Additionally, building a large factory in a small area required expensive infrastructure investments that wouldn’t have been necessary if Foxconn had chosen a more practical area. The roads around the proposed plant had to be widened in order to make room for the theoretical increase in traffic and semi-trucks transporting goods. Homes had to be torn down in order to make way for the factory and to do so, the Mount Pleasant Village Board decided to use eminent domain, which allows local government entities to seize land for public use.

Typically, the government has to compensate landowners; however, the Village Board decided to declare some of the properties blighted — meaning that they believed the properties were in such bad shape, they didn’t need to pay the homeowners. In retaliation, homeowners filed a lawsuit, though Mount Pleasant was able to buy out at least four of those landowners in exchange for dropping out of the lawsuit.

If there’s no manufacturing being done, it begs the question of why Mount Pleasant needed to move heaven and earth to get land for Foxconn. If Foxconn ends up bringing mostly office jobs, couldn’t it have found vacant office space in the area?

In a way, the Foxconn saga has almost run counter to the Amazon HQ2 deal. While both companies have scaled back on the number of jobs initially offered, Amazon at least admitted before striking deals with cities that there wasn’t enough talent to bring the number of jobs initially promised.

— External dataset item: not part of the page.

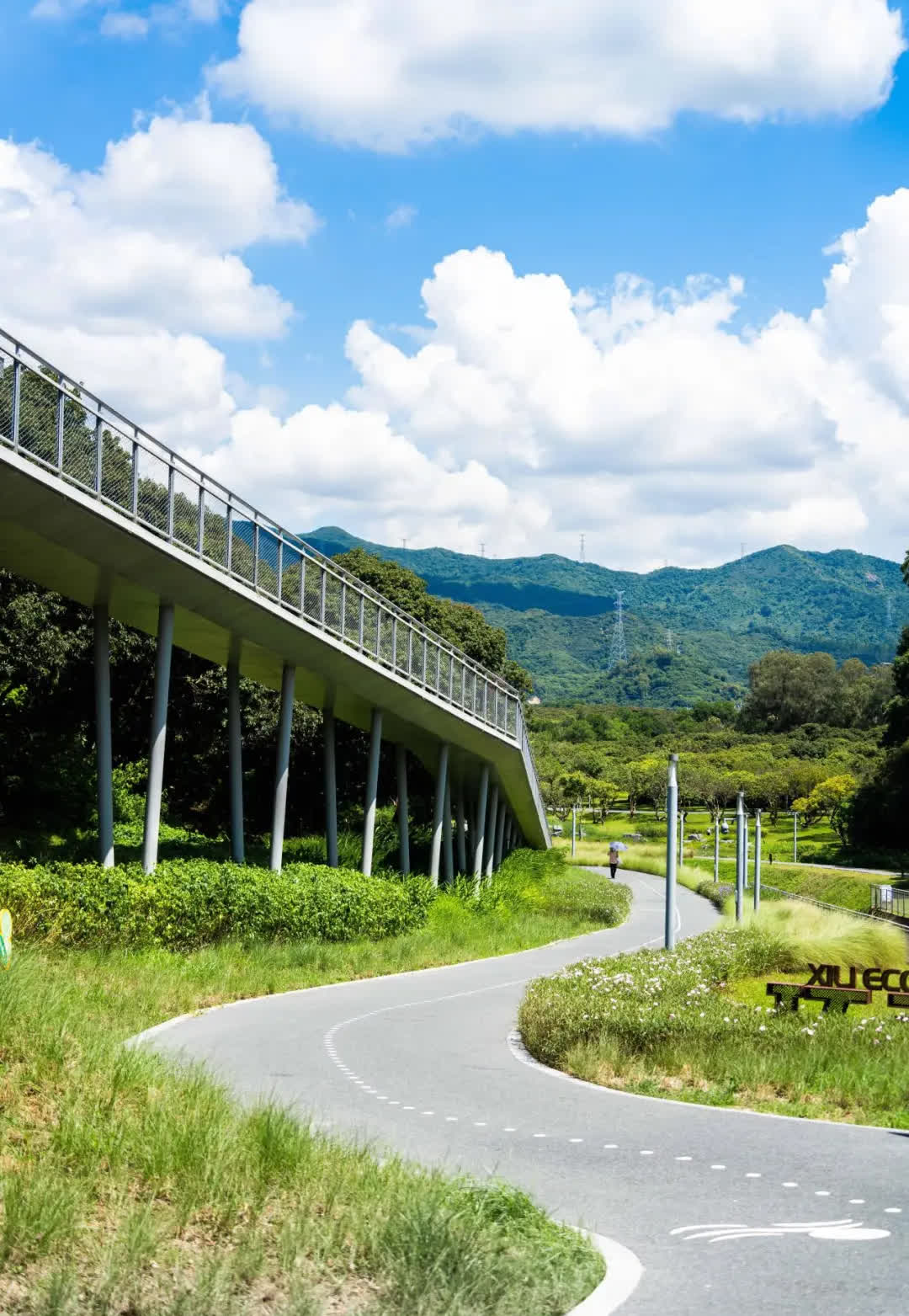 這裏是深圳首個綠道與碧道合二為一的綠色生態廊道,之前因為設計感建築和「公園空調房」火出圈,也被網友稱為深圳「最舒服、含金量最高」的森林綠道,人少景美。

It decided to go with two metro areas — New York City and Washington, D.C. — that it figured had the best chance at providing enough workers at the skill level it needed. Meanwhile, Foxconn continues to try to squeeze an obscene number of jobs into an area not equipped for it.

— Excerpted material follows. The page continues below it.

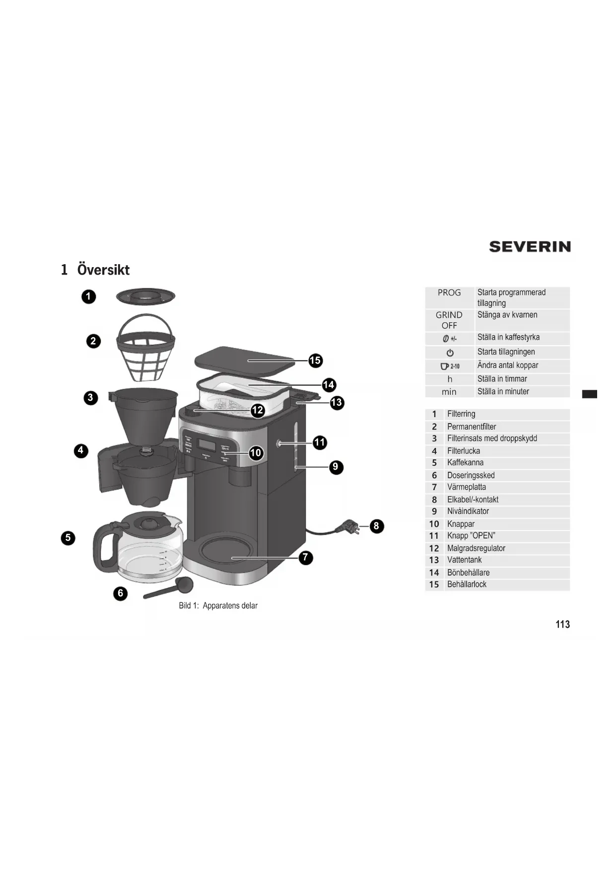 - Ställa in timmar min Ställa in minuter114 SV SV Bästa/bäste kund, vi tackar för ditt förtroende och önskar dig mycket glädje med din kvalitets- produkt från SEVERIN. Märket SEVERIN står sedan över 120 år för beständighet, tysk kvalitet och utvecklingskraft. Varje apparat har tillverkats och provats med omsorg. Familjeföretaget från Sundern i Tyskland har alltid stått för grundlighet, noggrannhet och ärlighet och övertygar kunder över hela världen med innovativa produkter ända sedan grundandet 1892. I de åtta produktgrupperna Kaffe, Frukost, Köket, Grillning, Hushåll, Golvvård, Hälsa och skönhet och Kyl och frys erbjuder SEVERIN ett omfattande sortiment av elektriska småapparater som omfattar mer än 250 produkter. Den rätta produkten för varje tillfälle! Lär känna SEVERINS mångfald av produkter och besök oss på www.severin.de eller www.severin.com. Ditt SEVERIN-team Innehållsförteckning 1 Översikt p. 113

Now, Foxconn says that the majority of the 13,000 jobs it brings will be research and development jobs. And not all of them will go in Mount Pleasant which, in partnership with Racine County, offered $764 million in tax credits to get a Foxconn facility constructed in the area. Economists point out that few companies, or even research universities, have R&D divisions that big. If Foxconn doesn’t bring the promised number of jobs, it won’t get the entire $4 billion subsidy package, but there are some tax credits — like one for capital investment — that it appears the company will still receive even if it brings fewer jobs.

Foxconn has committed to creating a Wisconsin-focused venture fund, as well as investing $100 million into a research facility at the University of Wisconsin-Madison — but the original vision of making Wisconsin the center of high-tech manufacturing in the U.S. will almost certainly not come to fruition. At best, Foxconn becomes one of many corporate pillars in Wisconsin, but not the singular driver of tech growth in the state.

While there’s plenty of reasons to argue that states should avoid offering incentive packages to individual companies altogether, Wisconsin’s Foxconn debacle offers up another lesson: Bigger jobs announcements aren’t always better. Give a large number of tax breaks to a company that promises to bring an unrealistic number of jobs to your area, and you’re more likely than not to wind up with egg on your face.